:: Exercise details ::
With pictures left out, retype the lines from the start of the records through the one that contains "Selling a collection".

:: Data to examine ::
..........

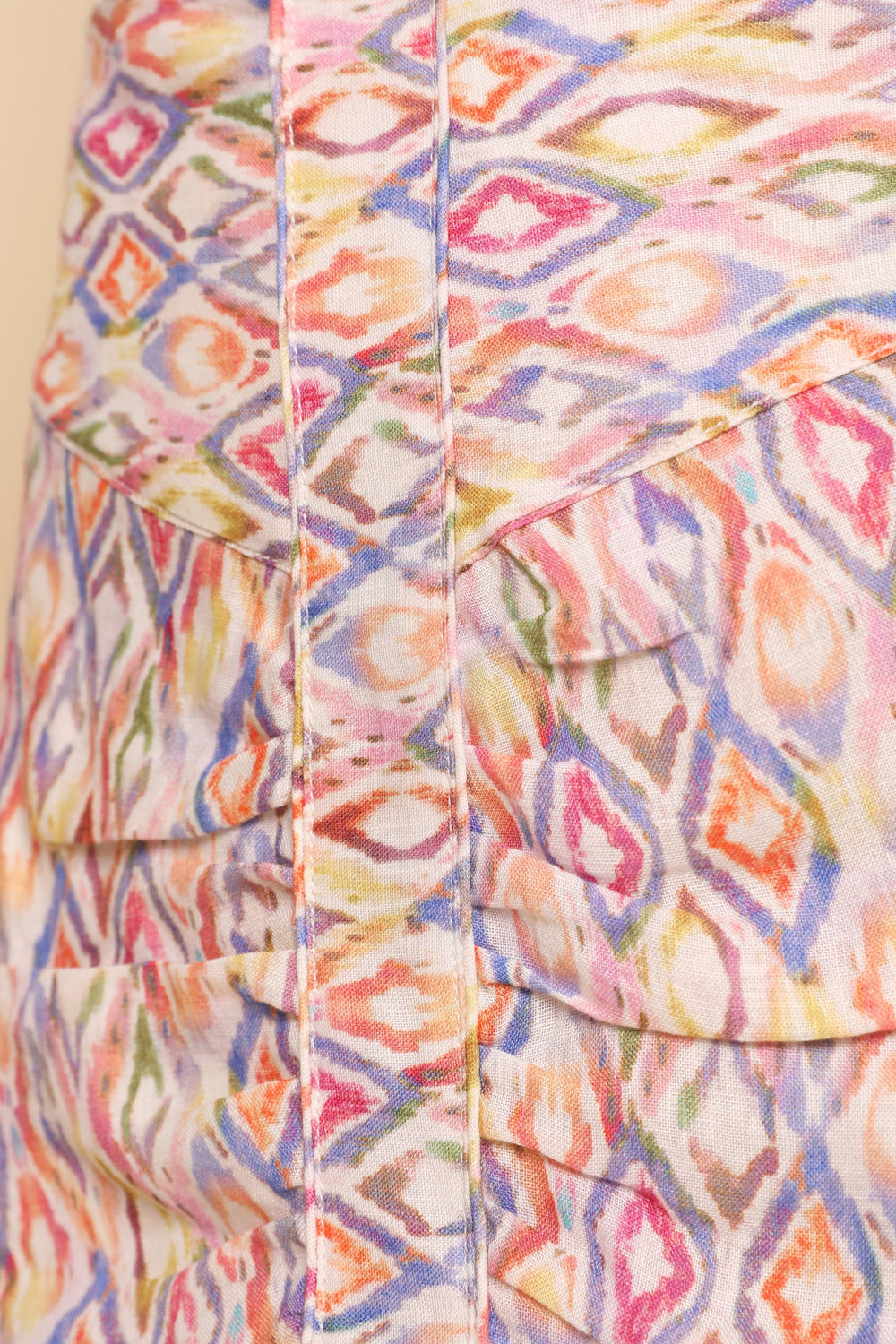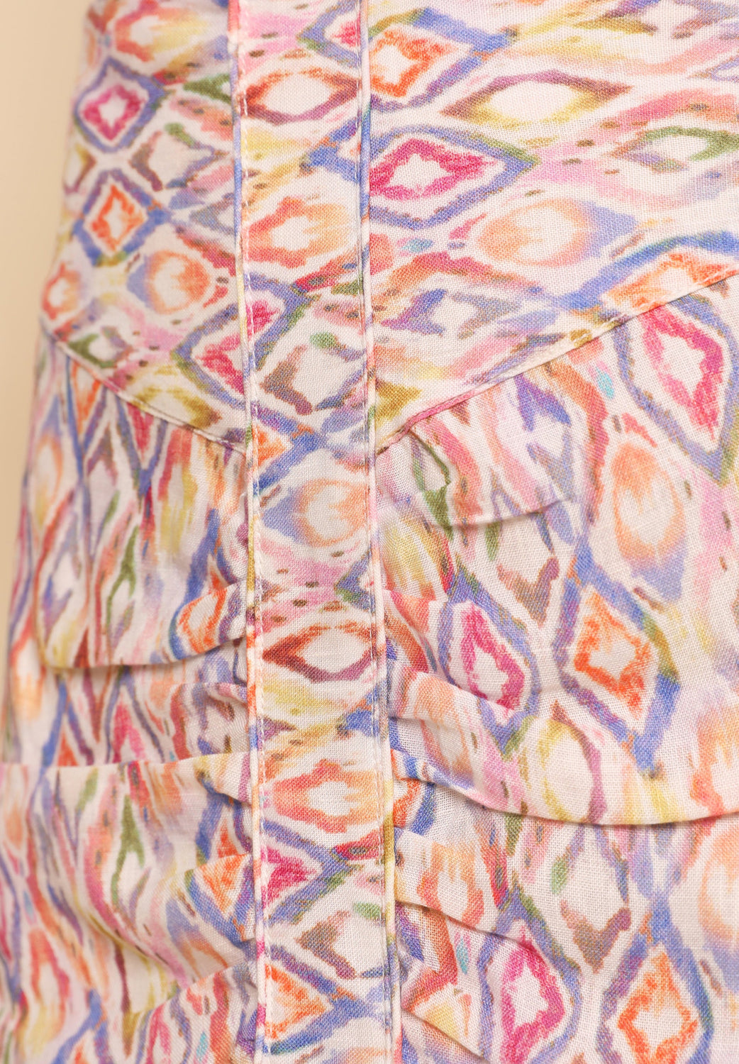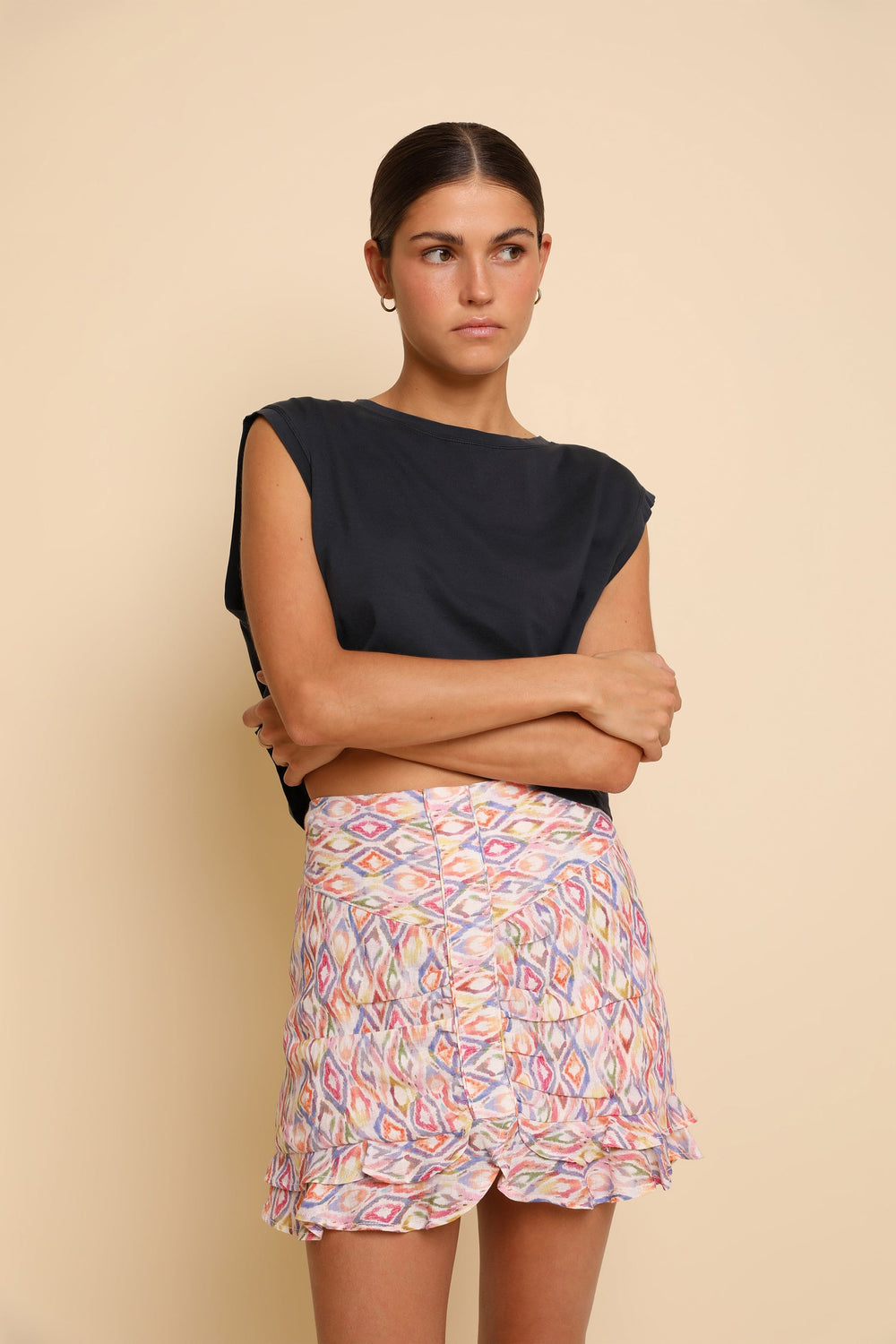 Saia com motivo étnico confecionada em tecido 100% linho. Corte Slim Fit, fecho com zip e bainha com folhos.
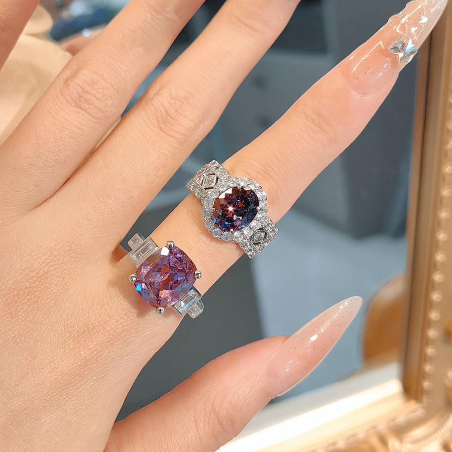 Square Dry Rose Necklace Pendant Imitation Alexander Stone Pigeon Egg Ring High Carbon Purple Diamond Color Treasure Set Female
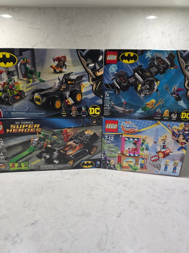 Selling a collection of LEGO DC Comics Super Heroes sets. Includes sets like 76116 Batmobile and The Pursuit of Joker and 41231 Harley Quinn to the rescue. Great for ages 7+
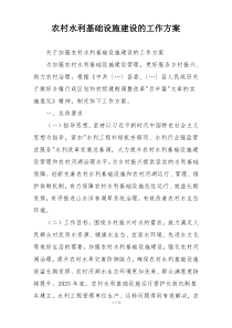 加强农村水利基础设施建设,提升灌溉排水能力,保障农业生产用水需求,促进农业可持续发展。下面是小编为您整理的农村水利基础设施建设的工作方案范例,仅供参考,希望对您有所帮助。
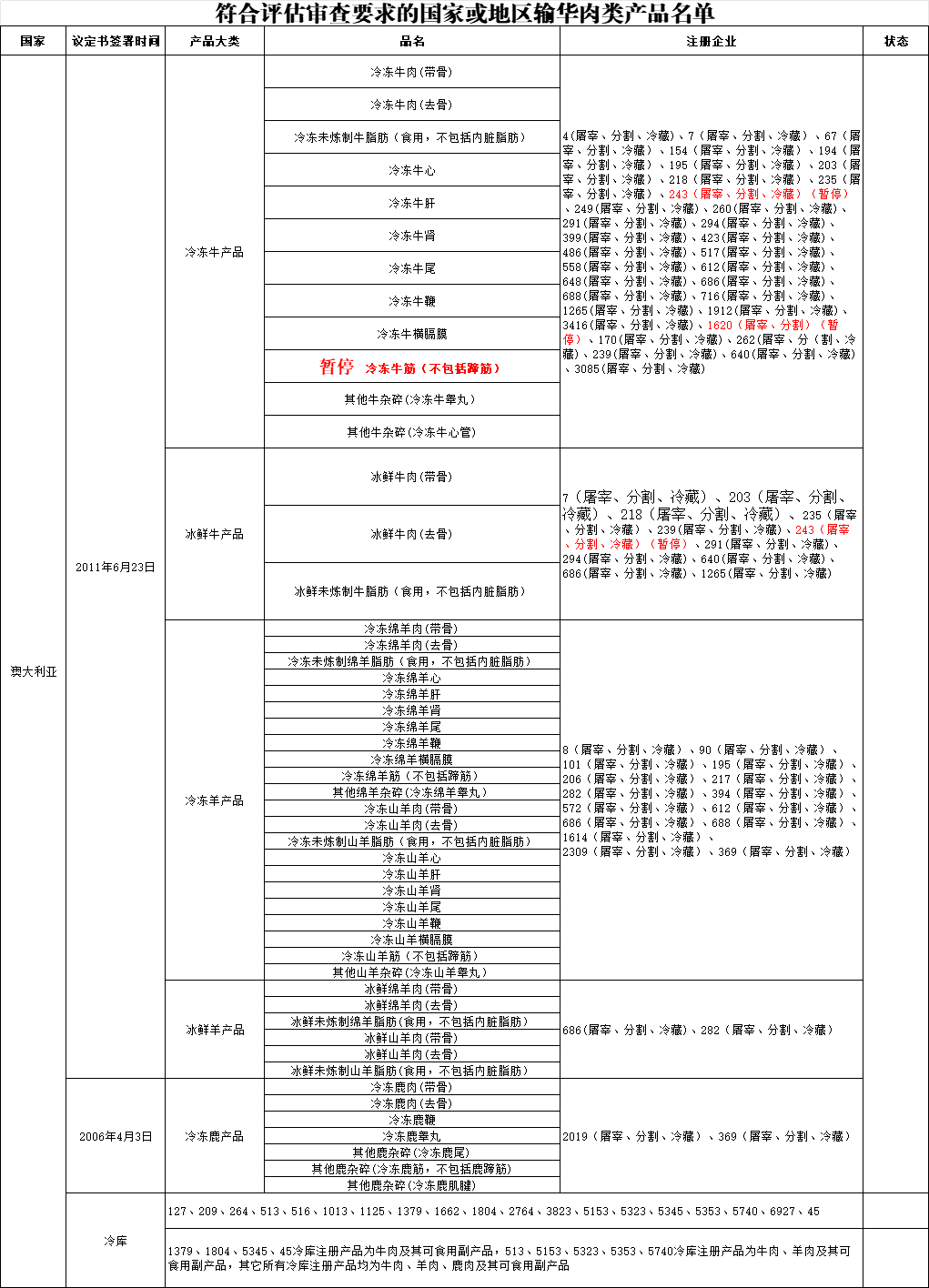近日,海关总署更新《符合评估审查要求的国家或地区输华肉类产品名单》:
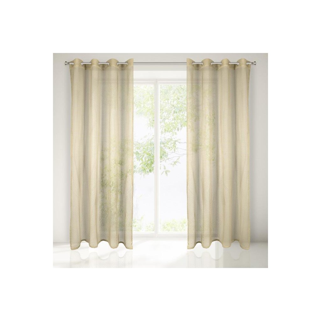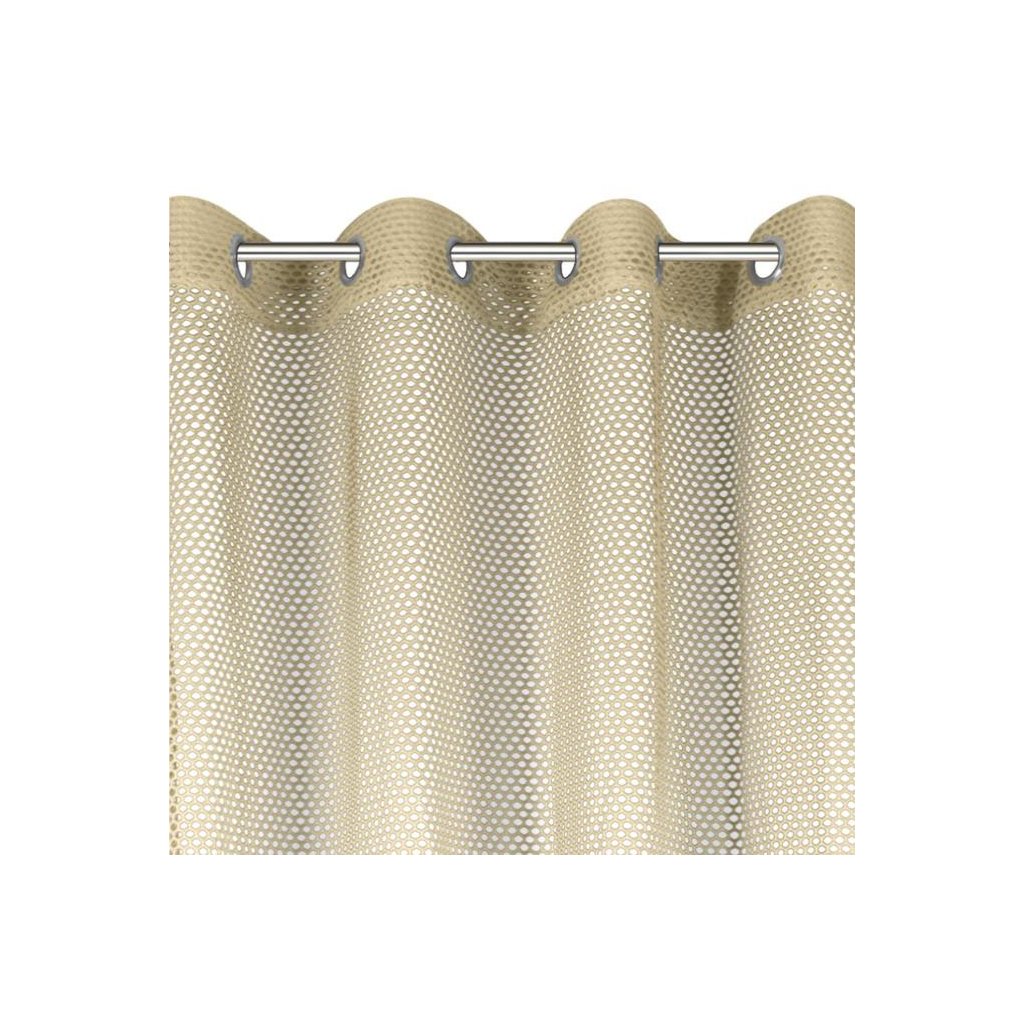 Jednofarebná sieťovaná záclona béžovej farby s hrubou dierovanou sieťkou. Jemná látka dovnútra prepúšťa veľa svetla. ľahké žehlenie. Šírka 140, dĺžka 250 cm.
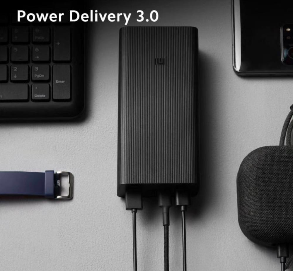 - شاحن متنقل شاومي يدعم الشحن السريع عبر منفذي USB-A ومنفذ USB-C، مما يوفر شحنًا سريعًا وفعالًا.
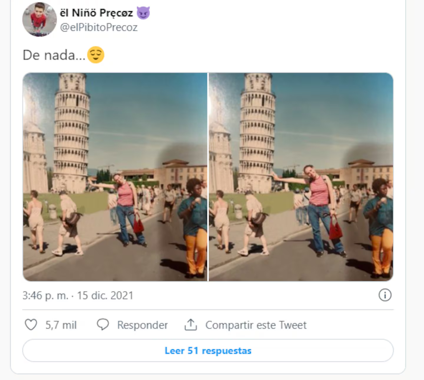 En medio de las bromas, uno de los usuarios de Twitter decidió tomar la iniciativa y corregir digitalmente la imagen, logrando recrear la clásica pose turística de “sujetar” la Torre de Pisa. La autora, visiblemente agradecida, compartió esta nueva versión y mencionó que finalmente tendría la fotografía que siempre quiso, aunque el recuerdo del incidente original era ya parte de su historia favorita de viaje.
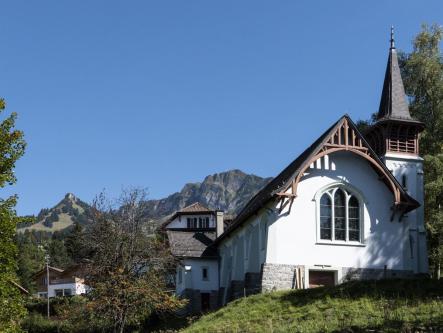 1905 erbaut, wird die Kapelle im Februar 1906 eingeweiht. Sie wird dem „Heiligen Michael und allen Engeln“ geweiht, was sich vor allem bei den Fenstern ausdrückt: auf der einen Seite die Taten der Engel im Alten Testament, auf der anderen des Neuen Testaments. Diese „Ikonen aus Glas“ wurden in London geschaffen. Gemäß Glasmeister Jean Prahin ist ein solches Ensemble sehr selten in der Schweiz. 1992 hat er sie restauriert.
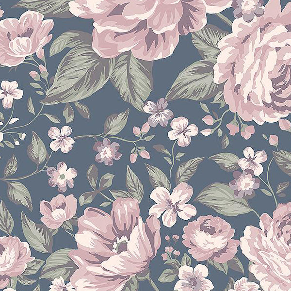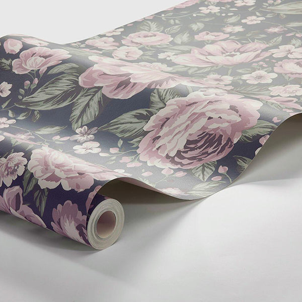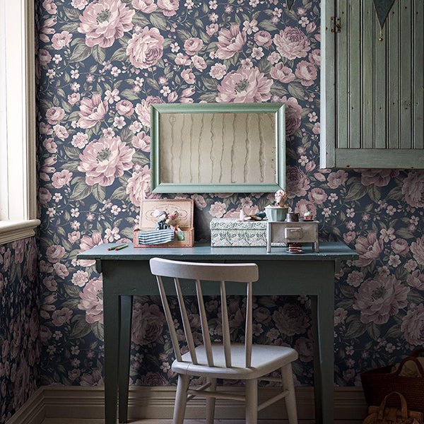Strikingly romantic and delicate, lush climbing roses fill your walls with nature, perfect for any room! Seen here in the Dark Blue colourway.
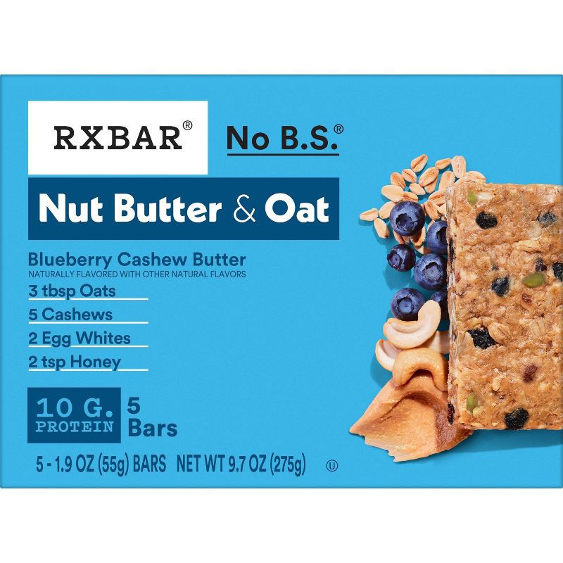 - Includes 1, 9.7oz box containing 5 RXBAR Nut Butter and Oat Blueberry Cashew Butter protein bars
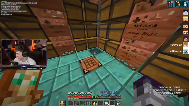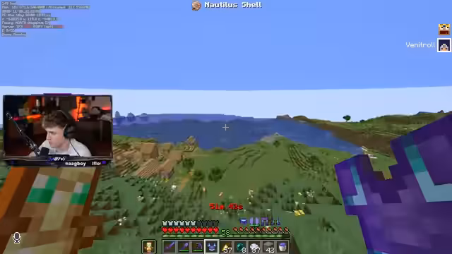 05:08:34Nachdem die Spieler das Gold-Weighted Pressure Plate hergestellt haben, konzentrieren sie sich auf das nächste Item: einen Loadstone. Dafür benötigen sie einen Kompass und Chiseled Stonebricks. Während ein Spieler im Nether nach den benötigten Materialien sucht, lootet der andere in der Oberwelt weiter. Es wird ein blaues Biom im Nether gesucht, das jedoch nicht in der Nähe des Spawns zu finden ist. Die Spieler diskutieren die Schwierigkeit, eine Nautilus Shell zu finden, die von Drowned gedroppt wird. Es wird beschlossen, dies nicht zu überspringen, sondern in einem Flussbiom oder Ozean bei Nacht danach zu suchen. Die Suche nach einem geeigneten Biom gestaltet sich schwierig, da die meisten Flüsse gefroren sind und Cold Oceans keine Drowned spawnen lassen. Ein Spieler findet schließlich einen Drowned in einem Ocean und kann eine Nautilus Shell erhalten. Das nächste Item, eine Lightning Rod, kann schnell hergestellt werden, da Kupfer vorhanden ist.
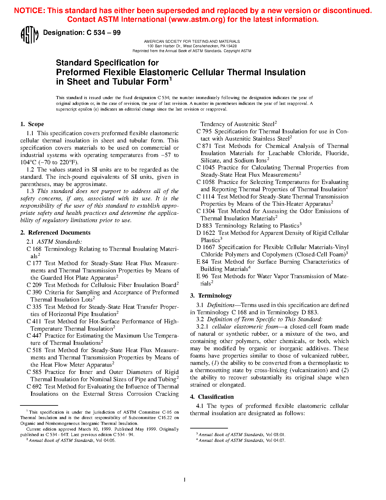 Standard Specification for Performed Flexible Elastomeric Cellular Thermal Insulation in Sheet and Tubular Form
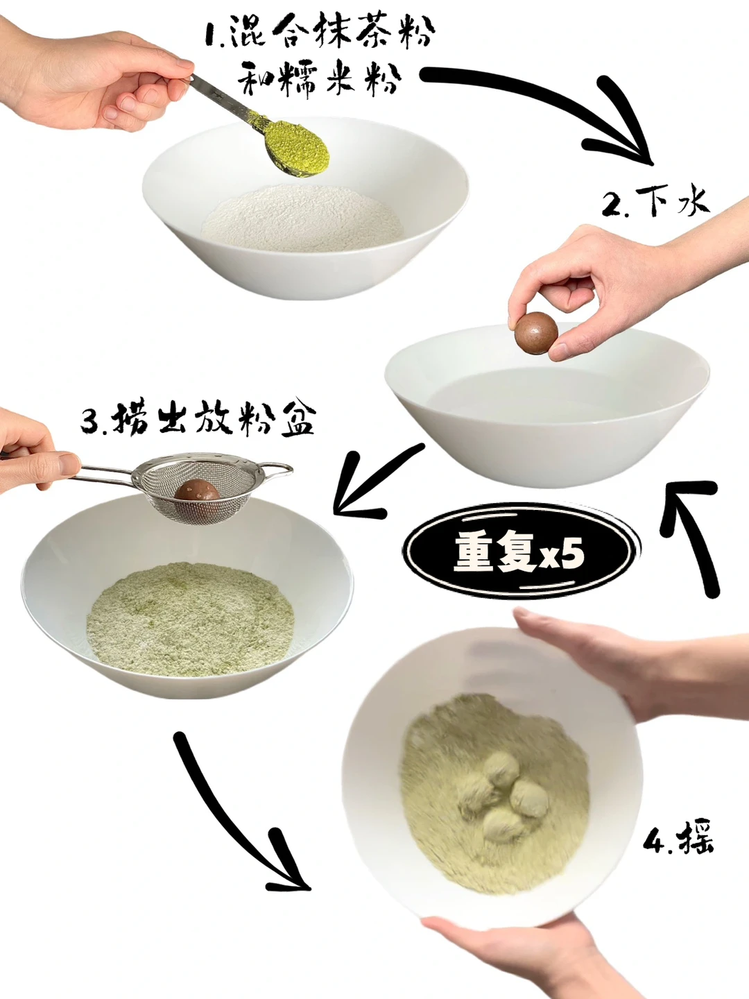 是会流心的巧克力馅抹茶元宵呀~ 👉步骤 1. 混合糯米粉和抹茶粉 2. 巧克力放入盛有冷水的盆 3. 捞出巧克力放入混合粉的盆 4. 摇晃盆让巧克力滚动并沾满粉后捞出 5. 步骤2-4重复五遍(或以上) 6. 水沸下锅煮至完全浮起 7. 盛出元宵撒花瓣装饰(可略) 👉Tips 喜欢厚皮元宵🉑️多重复几次步骤2-4 抹茶粉的量🉑️按口味添加 👉元宵保存 冰箱冷冻 随吃随煮 👉工具 漏勺网眼粗且勺尺寸大的更易操作 我这漏勺太小了 得一个一个捞 网眼也太细了 粉不易筛出

..........

:: Result of this task ::
 Saia com motivo étnico confecionada em tecido 100% linho. Corte Slim Fit, fecho com zip e bainha com folhos.
 Square Dry Rose Necklace Pendant Imitation Alexander Stone Pigeon Egg Ring High Carbon Purple Diamond Color Treasure Set Female
 Selling a collection of LEGO DC Comics Super Heroes sets. Includes sets like 76116 Batmobile and The Pursuit of Joker and 41231 Harley Quinn to the rescue. Great for ages 7+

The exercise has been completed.